Mann/ Frau muss das Licht des Anderen nicht auslöschen, um selbst besser zu scheinen ... (Konfuzius)
Hallo,
das mit dem Einkommen ist schon ok. Ich bin zum Glück nur knapp am Mangelfall bzw. eigentlich sogar darüber und ich zahle ja den KU auch gerne, so sehe ich da jezt nicht so das große Problem. Die Streitigkeiten waren bis dato immer um den TU bzw EU, niemals der KU. Hab ihr sogar angeboten, für den Kleinen etwas mehr zu zahlen, wenn sie mir endlich beim TU bzw dann später beim EU entgegenkommt. Das hat sie zum Teil auch schon gemacht.
Zahle derzeit zusätzlich zum KU noch 400 Euro TU.
Sie wohnt ja mittlerweile fest mit Ihrem neuen LG zusammen, sprich sie sind schon zusammen gemeldet. (Hab ich schriftlich von der Meldestelle)
Ob und wann ich das dann zwecks EU anbringe ist noch offen, dass muss ich erstmal abwarten.

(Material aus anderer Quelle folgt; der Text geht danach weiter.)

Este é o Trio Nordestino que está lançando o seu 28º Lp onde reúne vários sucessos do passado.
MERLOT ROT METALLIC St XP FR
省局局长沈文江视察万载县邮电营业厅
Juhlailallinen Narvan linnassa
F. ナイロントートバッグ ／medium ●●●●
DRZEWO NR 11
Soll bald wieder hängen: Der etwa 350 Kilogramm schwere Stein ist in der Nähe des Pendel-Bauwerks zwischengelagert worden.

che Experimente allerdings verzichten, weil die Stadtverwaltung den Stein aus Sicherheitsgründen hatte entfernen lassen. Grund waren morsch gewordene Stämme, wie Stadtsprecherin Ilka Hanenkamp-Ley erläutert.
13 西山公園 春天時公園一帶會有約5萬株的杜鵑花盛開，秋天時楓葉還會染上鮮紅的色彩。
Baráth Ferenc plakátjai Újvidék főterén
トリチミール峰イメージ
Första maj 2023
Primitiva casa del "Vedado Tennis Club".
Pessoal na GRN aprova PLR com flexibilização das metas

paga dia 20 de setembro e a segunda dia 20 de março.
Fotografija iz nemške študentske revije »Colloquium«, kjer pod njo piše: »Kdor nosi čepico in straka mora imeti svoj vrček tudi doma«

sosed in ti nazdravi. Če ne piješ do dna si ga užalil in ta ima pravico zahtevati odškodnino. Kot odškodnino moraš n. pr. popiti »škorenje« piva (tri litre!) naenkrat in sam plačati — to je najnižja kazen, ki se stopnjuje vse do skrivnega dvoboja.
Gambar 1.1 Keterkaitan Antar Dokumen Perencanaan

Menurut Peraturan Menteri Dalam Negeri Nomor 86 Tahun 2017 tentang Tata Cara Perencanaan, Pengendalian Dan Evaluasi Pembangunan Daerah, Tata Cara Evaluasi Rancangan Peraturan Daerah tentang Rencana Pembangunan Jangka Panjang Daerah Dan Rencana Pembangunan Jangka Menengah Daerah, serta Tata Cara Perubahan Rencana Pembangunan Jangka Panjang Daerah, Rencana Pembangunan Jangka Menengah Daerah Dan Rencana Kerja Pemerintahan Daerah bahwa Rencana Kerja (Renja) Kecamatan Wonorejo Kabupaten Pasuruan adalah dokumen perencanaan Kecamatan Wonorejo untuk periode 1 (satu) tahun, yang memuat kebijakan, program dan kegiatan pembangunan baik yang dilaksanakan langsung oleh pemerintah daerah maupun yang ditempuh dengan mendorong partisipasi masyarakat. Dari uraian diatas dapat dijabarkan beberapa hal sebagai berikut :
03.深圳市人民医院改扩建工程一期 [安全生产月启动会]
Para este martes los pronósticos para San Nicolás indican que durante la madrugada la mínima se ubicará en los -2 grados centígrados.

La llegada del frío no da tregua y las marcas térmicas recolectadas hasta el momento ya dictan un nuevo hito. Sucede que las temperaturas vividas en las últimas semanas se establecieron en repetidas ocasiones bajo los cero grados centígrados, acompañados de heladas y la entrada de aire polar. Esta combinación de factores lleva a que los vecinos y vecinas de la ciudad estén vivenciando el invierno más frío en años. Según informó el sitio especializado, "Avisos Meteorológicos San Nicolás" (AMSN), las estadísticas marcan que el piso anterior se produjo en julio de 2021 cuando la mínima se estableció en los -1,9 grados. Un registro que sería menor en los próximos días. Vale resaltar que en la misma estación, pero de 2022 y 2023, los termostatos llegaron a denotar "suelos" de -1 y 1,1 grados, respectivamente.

Zu den Fahrkosten. Die wurden von mir vorgelegt und vom "Gegner", sprich vom RA meienr Frau auch angenommen. Es ging nur um die Berechung, in welcher Stufe ich KU zahle. Normalerweise müssten sie die Schulden und auch meine Versuicherung auch bei KU berücksichtigen, dann fiele ich in der Tabelle etwas tiefer, aber der Zahlbetrag bleibt gleich. Und beim Anrechnen des KU beim TU bzw EU sind es dann auch wieder etwas weniger. Habs schon rauf und runter gerechnet, das macht keinen großen Unterschied.
Was mich halt z.b interessiert ist, wenn ich schon KU nach Tabelle 135% zahle bzw tituliert habe und damit eigentlich keine Mangelfallberechnung mehr kommt, ob ich nicht den Selbstbehalt auf z.b. 1000 Euro legen darf, wo er ja gegenüber verheirateten liegt.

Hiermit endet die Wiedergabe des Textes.